00:00:10.400
Okay, so welcome to Doing Terrible Things with ruby.wasm.
00:00:16.800
First of all, who am I? I already introduced myself in the city pitches, but if you missed it, my name is Matias. I also answer to Matt. You can find me on all the usual places like Mastodon and on the Internet, where most people can be found. As for my day job, I'm a senior developer at a company called The Venue, where we handle bookings for event spaces and other event services.

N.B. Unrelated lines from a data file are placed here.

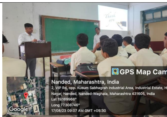
Vote of thanks and ending session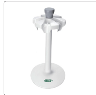
6-position round stand (optional)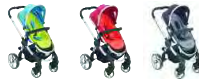
From left to right; 1. Sweet Pea 2. Tomato 3. Black Jack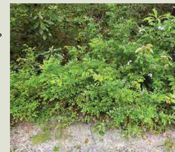
The invasive multiflorarose.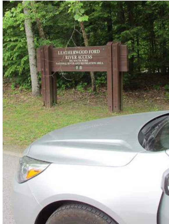
Sign for the landing – RV01 Leatherwood Ford River Access

I managed to get 46Qs in an hour. No cell – no internet. Way out in the boonies. After the run, I drove another 7 miles to the Bandy Visitor Center to get my passport stamp and sign the log.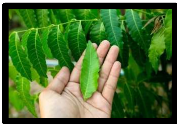
Fig: 3- Neem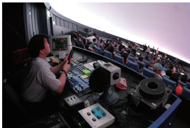
Fig. 6 Almost of planetarium are live show by scientist.

seats planetarium, and 3000 m 2 exhibition hall. A number of staff is 50 and educator/curator is only 11 included in.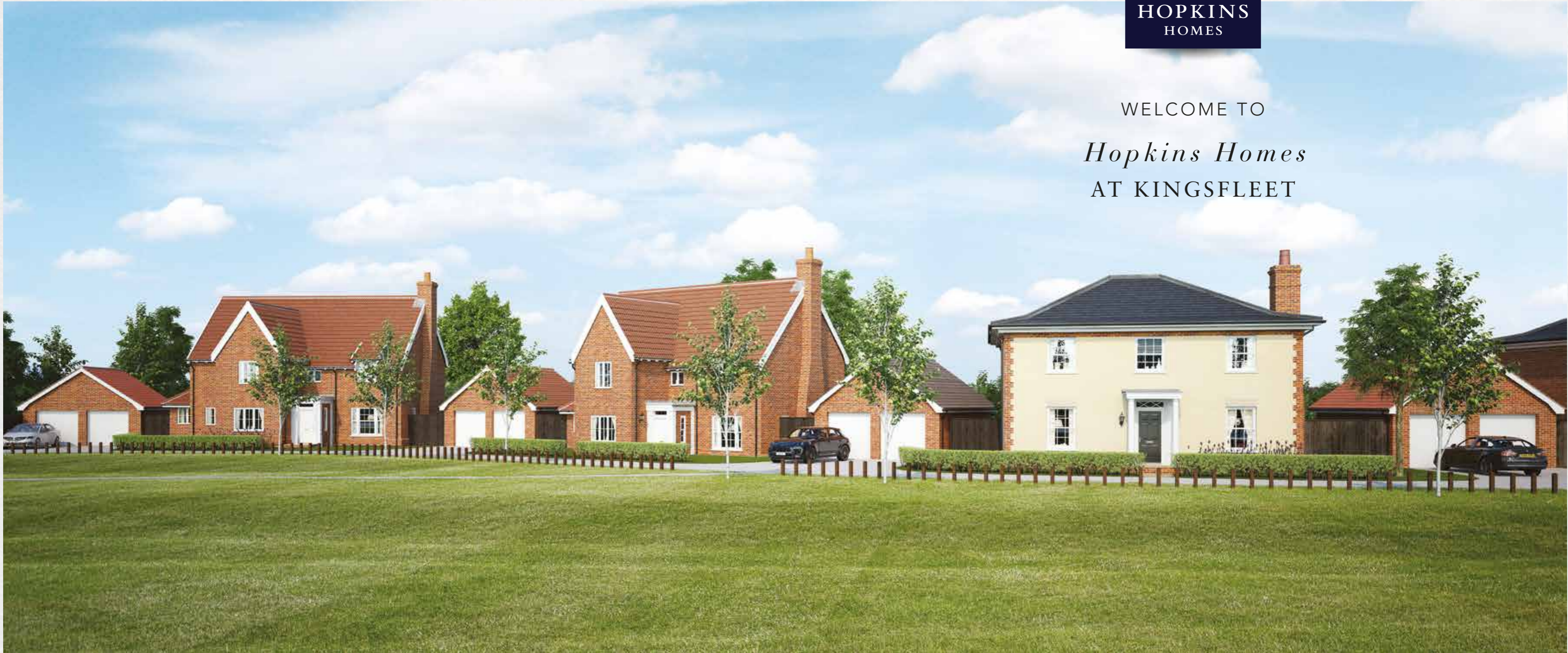
Computer generated image of properties at Kingsfleet. Indicative only, design, materials, and landscape treatments are subject to change.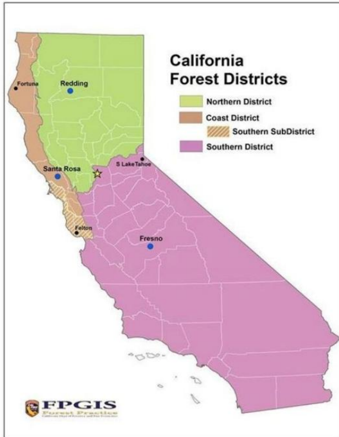
Figure 1 Map of CAL FIRE Forest Practice Districts and Region offices.

Note: The times provided in Table 16 include delays that are beyond the review team’s control, such as those due to weather (e.g. snow prohibits access), delays in RPF response to questions from the review team, delays due to public comment, staff responding to emergency incidents, and delays due to sensitive species evaluations, etc. Individual Plan outliers greater than one year in review have been removed to represent more accurate time frames. Substantial Deviations are not included.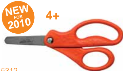
5312 KIDS RECYCLED 13cm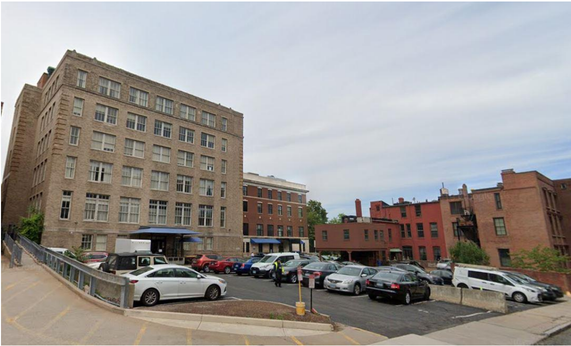
Figure 2: 18-20 Trinity Street ( Clinton Street View)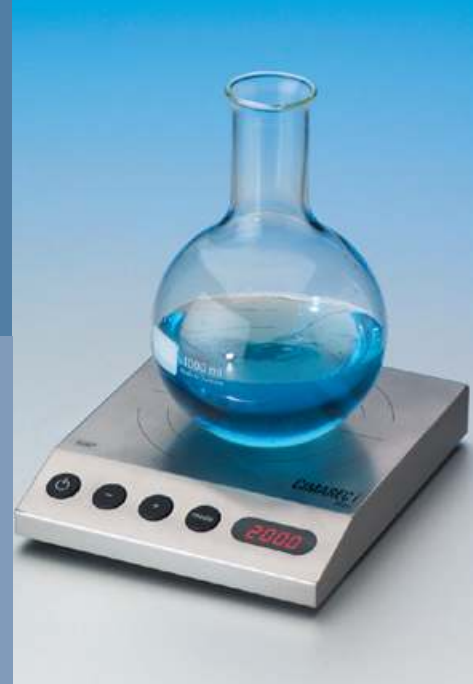
Cimarec i Maxi Direct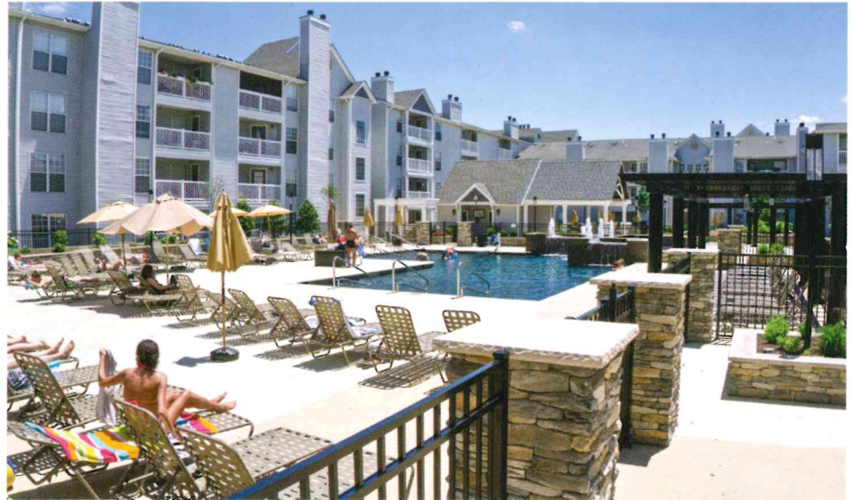
Klæ Construction had to hoist the building materials over the four-story structures during the renovation of the four interior courtyards for Mountain View Crossing in Wayne, N.J.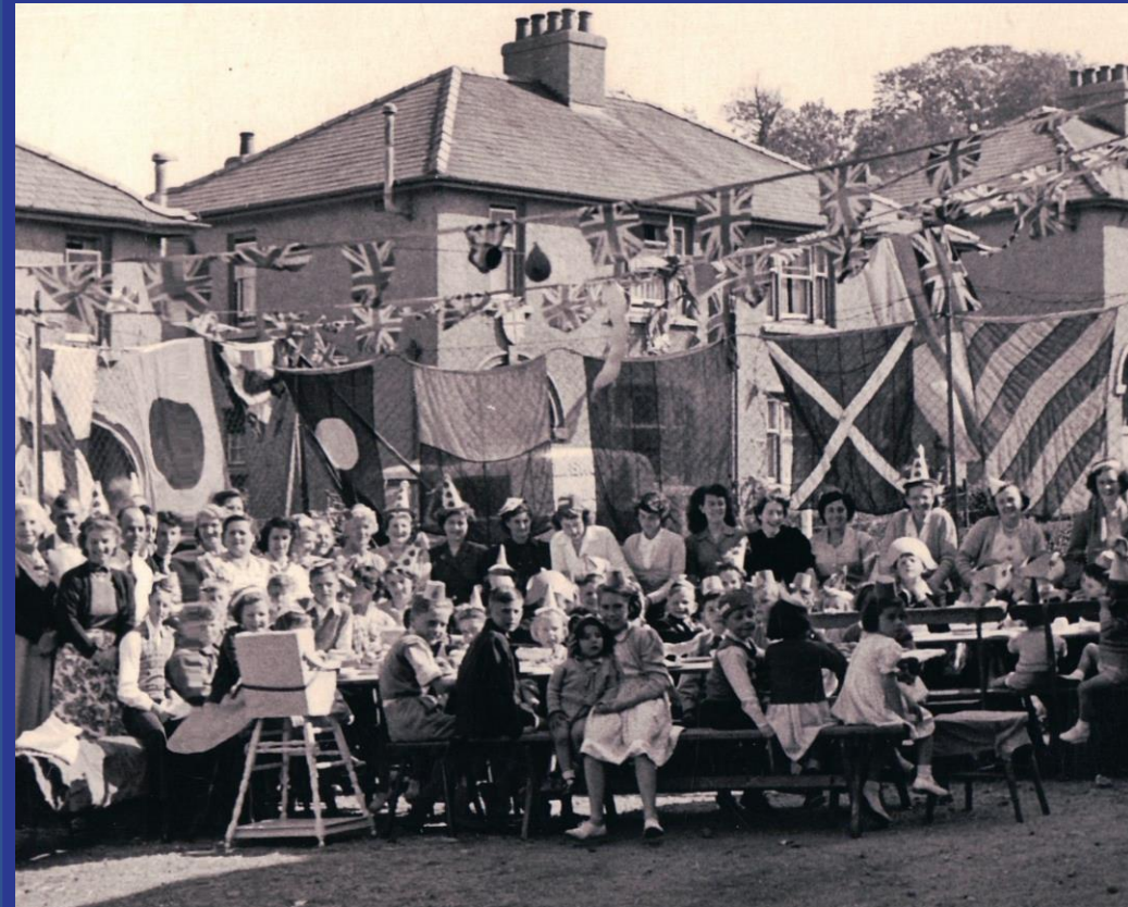
Coronation 1953 by Adrian Marriette Coronation 1953 | Guemsey 1953 Rougeval Street Party to rel... Flickr

Groceries were delivered with an overbook from the previous week, milk on a horse and cart or tractor. Clotted cream and parties were popular. Swimming sports were held in Charlestown harbour. We cycled to the beach downhill there and very uphill back!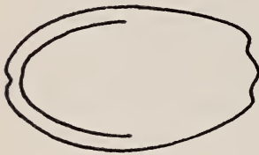
Figure 2. Outline of air bladder from a ventral view; anterior end to the right. Female.

females this structure is more or less heart-shaped from a ventral view (Figure 2), but in the five males (the largest specimens) a prominent posterior projection (Figure 3) is developed. This protrusion is hollow and covered by a membrane at the distal end. Furthermore, this membrane is very elastic and presumably can extend a considerable distance into the coelomic cavity when pressure is exerted upon the comparatively rigid air bladder. Harry (1951: 32) first called attention to the widespread occurrence of this type of sexual dimorphism in the Ophidiidae. Its discovery in this species serves to further indicate it may be a fundamental characteristic of the entire family.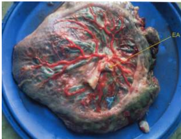
Photograph-1: Injection Technique – Red coloured dye injected in right umbilical artery.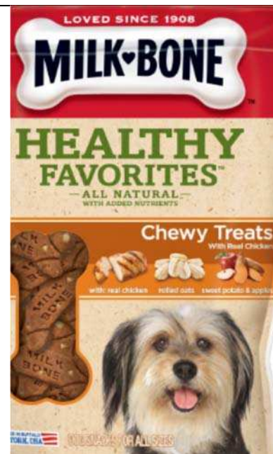
Healthy Favorites Chewy Treats with Real Chicken (Wysong Corp. v. Big Heart Pet Brands et al., Civil Action No. 16-11823, ECF #1-3 at Pg. ID 58; ECF #16-2 at Pg. ID 143.)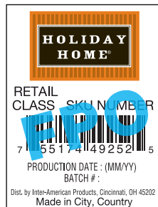
1.15 in. x 1.5 in.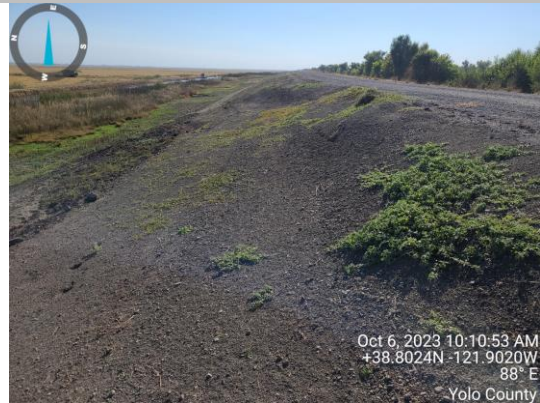
View of sloughing on the landside slope. Fall 2023.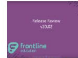
Full Release Review (58 minutes) Finance Release Review (25 minutes) HR/Payroll Release Review (32 minutes)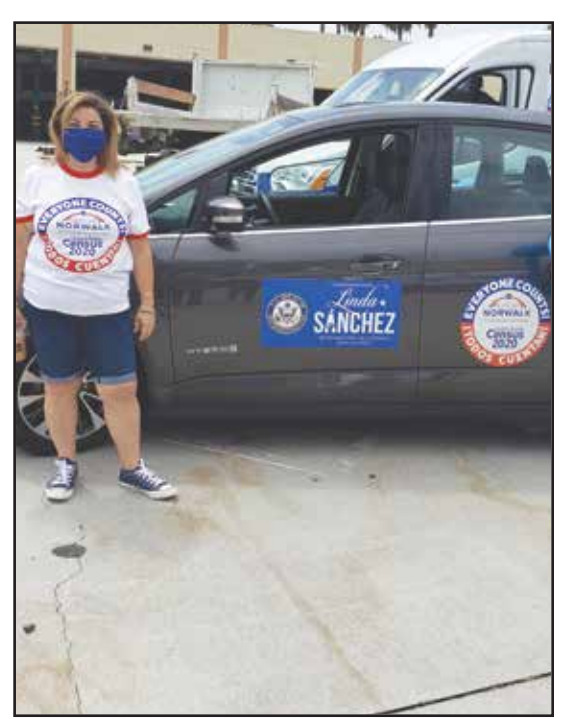
Congresswoman Linda Sanchez participates in Norwalk's Census Parade.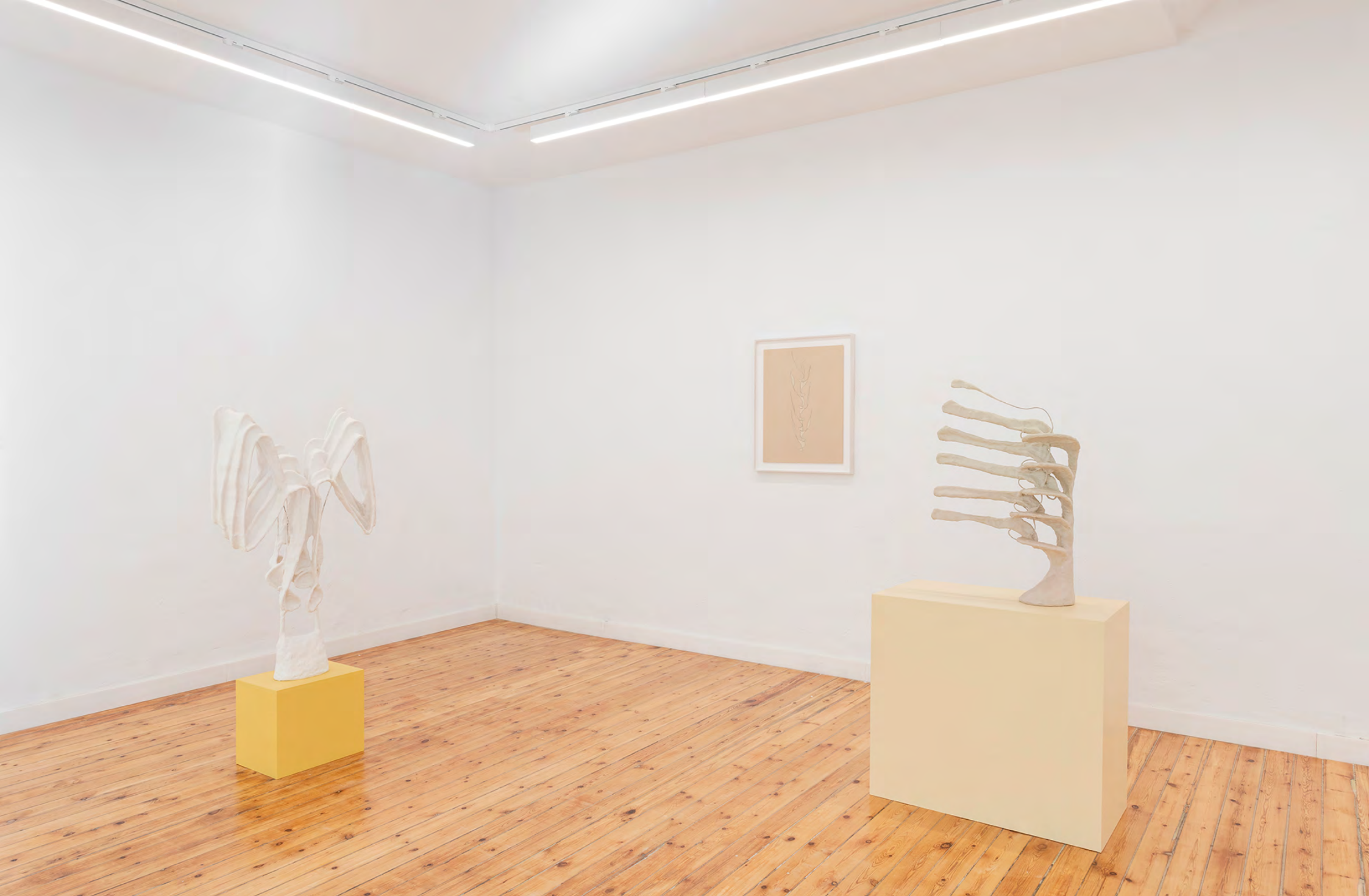
Installation view at NoguerasBlanchard Madrid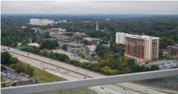
How many exits are there on I-277 northbound?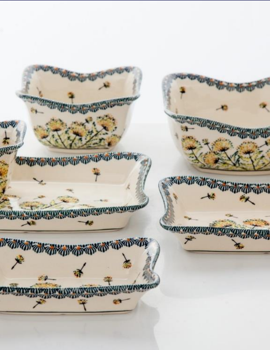
Collection of bowls and dishes in DU-201 pattern. Shapes by Janina Bany-Kozłowska, 2015 Pattern by Danuta Amborska, 2015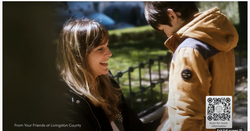
Livingston County Anti-Stigma - Happiness is Possible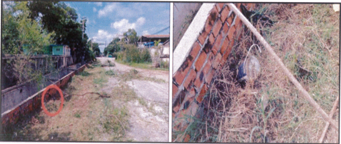
An IED planted by terrorists found near the drainage outside the brick wall at the back side of No (27) Basic Education High School in the ward (I) of Pyigyitagon township

Security forces are reportedly carrying out necessary investigations to identify and arrest those who were involved in the heinous crimes and take punitive legal action against them. The entire national people were urged to oppose terrorist groups and participate in protecting security for the future of children by giving reports about movements of terrorists to concerned administrative bodies, it is reported.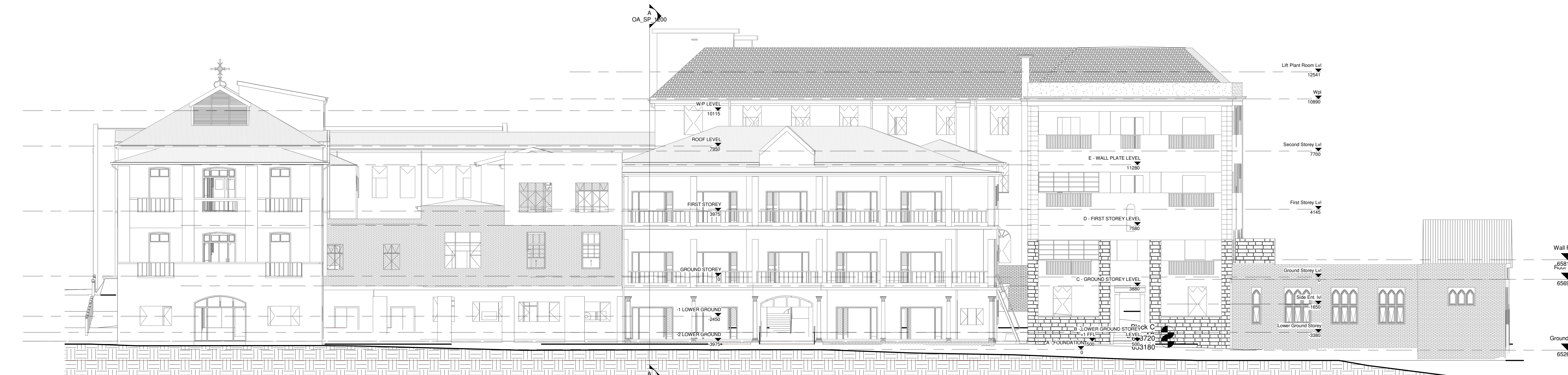
2 South-East Elevation 1 : 100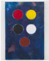
Joe Ray Red Yellow Black White and Burnt Sienna, 2020 Acrylic and vinyl on canvas 72 x 48 inches JRA154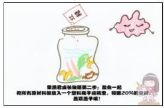
2.Put all ingredients in a tightly sealed container!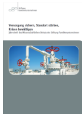
Versorgung sichern, Standort stärken, Krisen bewältigen Ladenpreis: 20,50EUR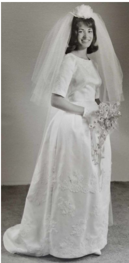
My Wedding Dress 1964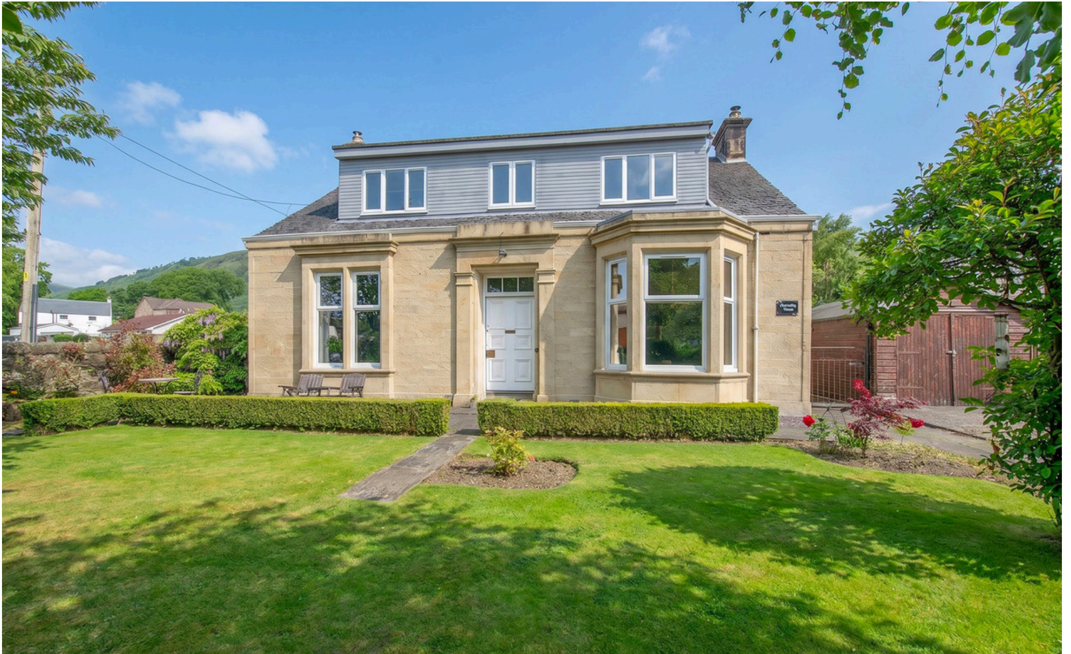
Abernethy House, Hareburn Road, Tillicoultry FK13 6DB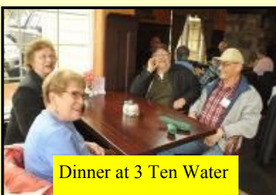
Dinner at 3 Ten Water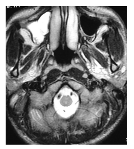
Figure 3: Axial T2-weighted MR image shows opacification of right maxillary sinus

Up to 2 mm of ethmoid sinus mucosal thickening may not be due to inflammatory disease but may reflect the normal intermittent congestion of nasal cycle which is cyclical passive congestion and decongestion of each side of nasal turbinate, nasal septum, and the ethmoid air cells mucosa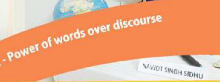
MUN - Power of words over discourse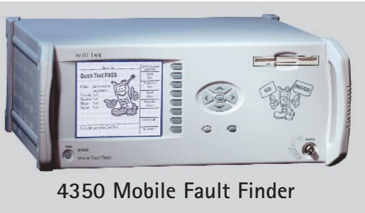
4350 Mobile Fault Finder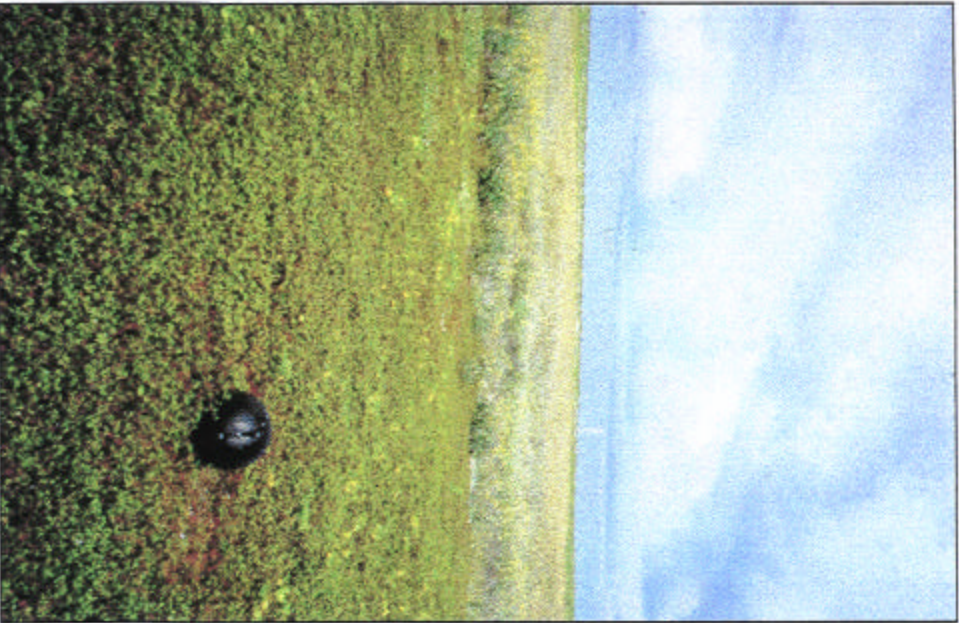
Fig. 20. Sesuvium portulacastrum and plastic float in foreground. Verbesina encelioides in background -- Southeast Island, Pearl and Hermes Atoll.

For example, if you’re organizing the next Euruko, you can use our service to find the venue. Perhaps you are organizing a Meetup, a wedding, or a birthday, or a company off-site. Basically, anything you want to book a space for, you can do that with us.
00:01:02.760
I'm also one of the co-founders of HelsigiRuby in Finland, which is a non-profit organization that promotes Ruby and other software development initiatives. You might recall us from last year's Euruko in Helsinki; this is the pitch that I gave earlier in the city pitches. This year, we are doing something different. The theme is 'Humanity,' as it’s a human-centered conference for software developers, and we have a keynote from Anna Dash. As mentioned, you can get a 20% discount on tickets, or you can just scan that QR code there, and that works too. But now, let's get back to the topic at hand: doing terrible things with ruby.wasm.
00:01:49.140
Let's start out with some basics. Who here knows what WebAssembly is? Alright, about half, I think. WebAssembly first appeared in 2017 and became an official standard in 2019. Consulting MDN, we find a wonderful wall of text, but it boils down to this: it's a low-level assembly-like language that offers near-native performance, providing languages such as C, C++, C#, and Rust with a compilation target so that they can run on the web alongside JavaScript.
00:02:20.340
When you start looking into it, you'll encounter two different WebAssembly file formats. The first is the text representation, which looks like source code, while the second is wasm, which is the binary representation into which everything else gets compiled. The wasm files are what actually get loaded and run in the browser. So, how do you go from source to wasm? First, let's look at some plain WebAssembly.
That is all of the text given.